JIUQUAN, Gansu -- Shenzhou VII will lift off between 9:07 pm and 10:27 pm Thursday, carrying three astronauts, one of who will become the first Chinese to walk in space, senior space program officials said Wednesday.
One of the astronauts, Zhai Zhigang will walk in space around 4:30 pm on Saturday, media reports said.
The spacecraft will carry astronauts Liu Boming and Jing Haipeng, too.
One of the major tasks of the three-day mission is extra-vehicular activity (EVA), or spacewalk in this case, mission spokesman Wang Zhaoyao said at a news conference Wednesday. The success of the task will mark a remarkable step forward for China.
The other tasks include releasing a small monitoring satellite and satellite data relay trials, said Wang, who is also deputy director of China's manned space program office.
"The Shenzhou VII mission marks a historic breakthrough in China's manned space program. It is a great honor for all three of us to be part of the mission, and we are fully prepared for the challenge," Zhai Zhigang said when he and the other two astronauts met the media Wednesday.
Tonight's mission will be the second stage of China's three-stage manned space program, which eventually is aimed at building a space lab and a space station by 2020.
Engineers began loading fuel in the carrier rocket at 4 pm Wednesday, a process that would take seven hours and meant the launch was "irreversible", Jiuquan Satellite Launch Center officials said.
Shenzhou VII will be launched from atop the Long-March II-F carrier rocket into orbit 343 km from Earth.

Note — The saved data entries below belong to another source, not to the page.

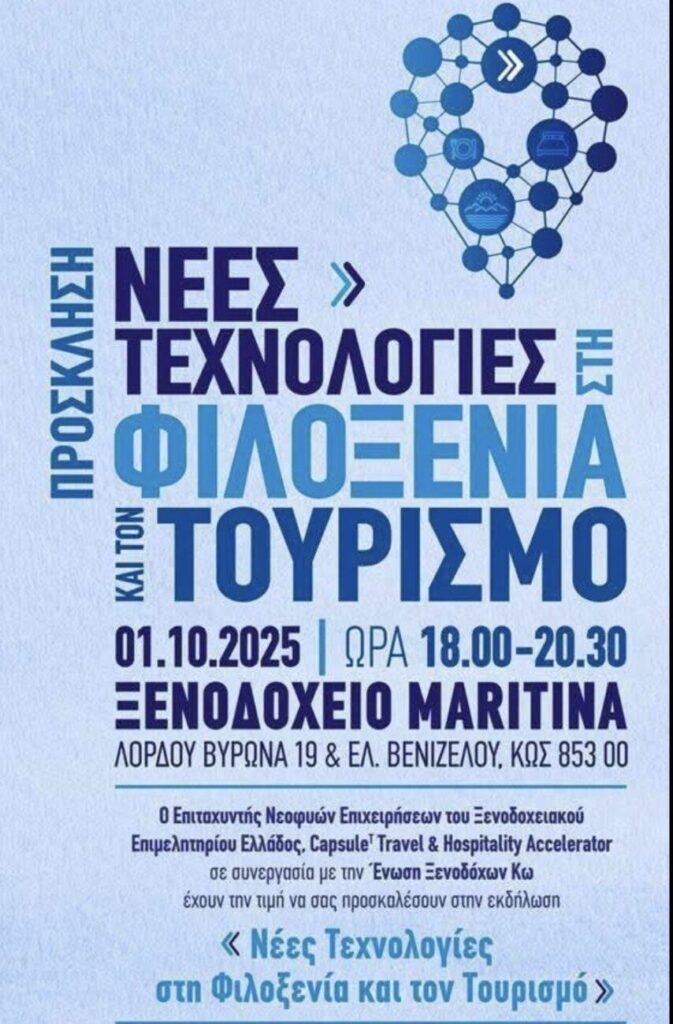 Ένωση Ξενοδόχων Κω: “Νέες Τεχνολογίες στη Φιλοξενία και τον Τουρισμό”, την Τετάρτη 1 Οκτωβρίου στις 18:00 στο ξενοδοχείο MARITINA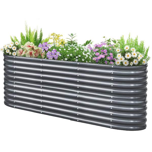 94.5 in. x 23.6 x 34.2 in. Dark Grey Metal Raised Garden Bed 2.85 ft. Tall 9 in 1 Galvanized Planter Garden Box Garden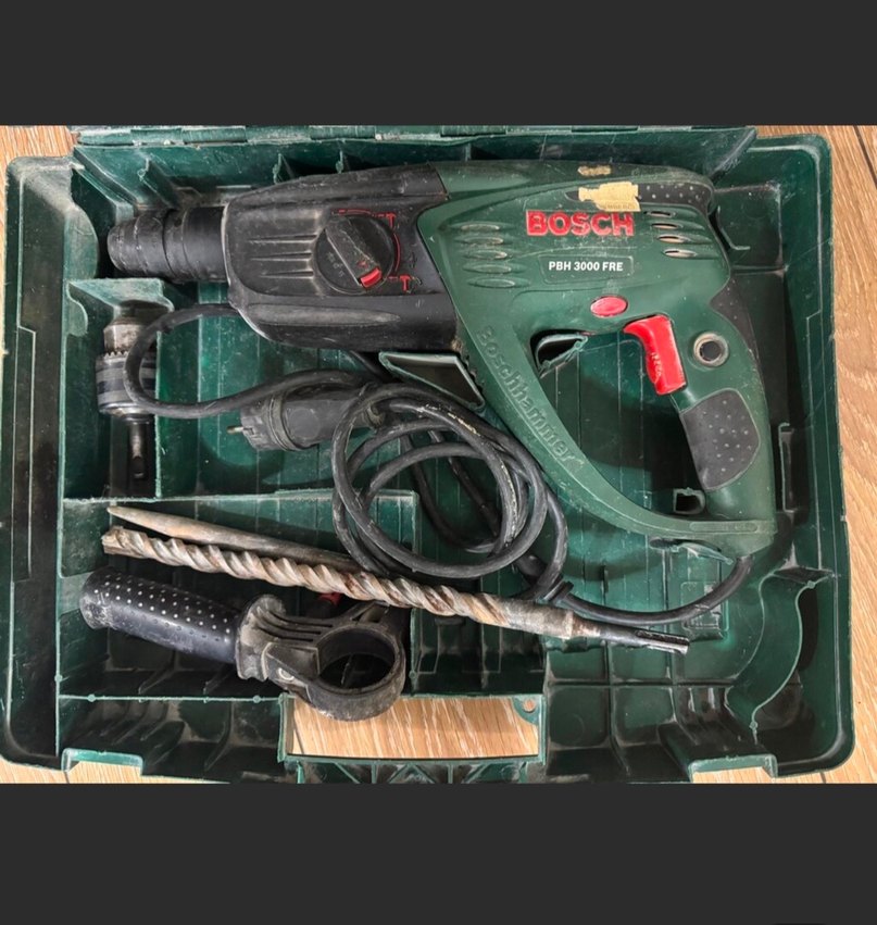 Bosch PBH 3000 FRE kırıcı delici matkap, yeşil gövde ve siyah detaylarla. Güç kablosu ve matkap uçları dahildir, ağır iş delme ve kırma işleri için uygundur. ⚙️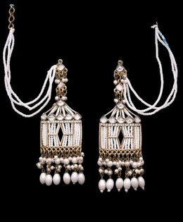 Traditional White Pearl Drop Earrings, Antique Gol...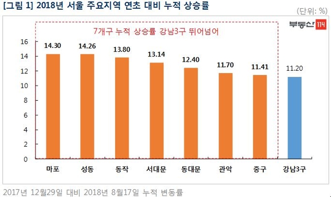 정부가 서울 전역을 대상으로 투기 점검에 나섰지만 개발 호재가 풍부한 은평·여의도·용산과 그 인근에 위치한 서대문, 양천 등 비강남권이 집값 상승을 주도하고 있다. 실제 올해 서울 아파트 매매가격 상승을 주도한 곳은 비강남권 지역들로 확인된다. 업계에 따르면 마포와 성동, 동작, 서대문, 동대문, 관악, 중구 등 7개 구의 연초대비 누적 상승률이 강남3구(11.20%)를 뛰어넘은 것으로 나타났다.
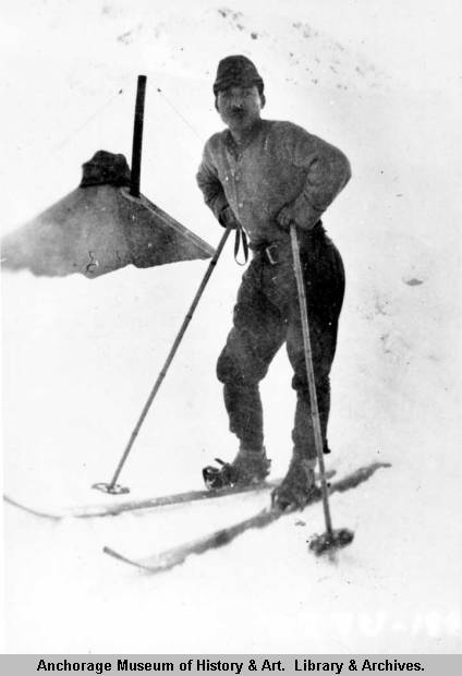 View of Japanese soldier skiing, Attu Island, Alaska, during World War II. Photo among those later found on Attu after its capture by the United States. From front: "Attu, 1943." 1943. Original photograph size: 7" x 5".

Two of the astronauts will enter the orbital module, put on EVA spacesuits and prepare for the spacewalk. One of them will put on a China-made "Feitian" EVA suit and the other, a Russian Orlan-M "Haiying" suit.
And "one of the two will get out of the cabin and retrieve the test samples loaded outside the module," Wang said.
Compared with the previous two manned space flights, the Shenzhou VII mission faces unprecedented technical difficulties, he said, even though China has achieved a series of technical breakthroughs, including making an EVA suit and airlock module.
During the mission, the astronauts will have to assemble and test the 120-kg EVA suits, depressurize and re-pressurize the cabin, and exit and re-enter the orbital module.
"The process of EVAs cannot be simulated completely on the ground and some of the newly developed products have to be tested in flight for the first time," Wang said.
Thirteen Orlan-M spacesuits, three for actual EVAs, were received from Russia under a contract signed in April 2004, he said. Moscow developed the spacesuits, while Beijing gave the power supply and communication systems.
"Russian experts have provided technical assistance throughout the mission," he said.
Thanks to the collaboration, China took only three and half years to design the EVA spacesuit. Or else it would have taken eight years to do so, Chen Shanguang, head and chief designer of the project's astronaut suits and other accessories, said.
Russia helped train the astronauts and develop the Shenzhou spacecraft, too.
But soon China could train foreign astronauts, Xinhua quoted Chen as having said. "China's two successful manned space missions have showed it has the technical ability to independently train astronauts in future."
In 2003, China became the first country after the US and Russia to send a man into space. It followed it with a two-man mission in 2005.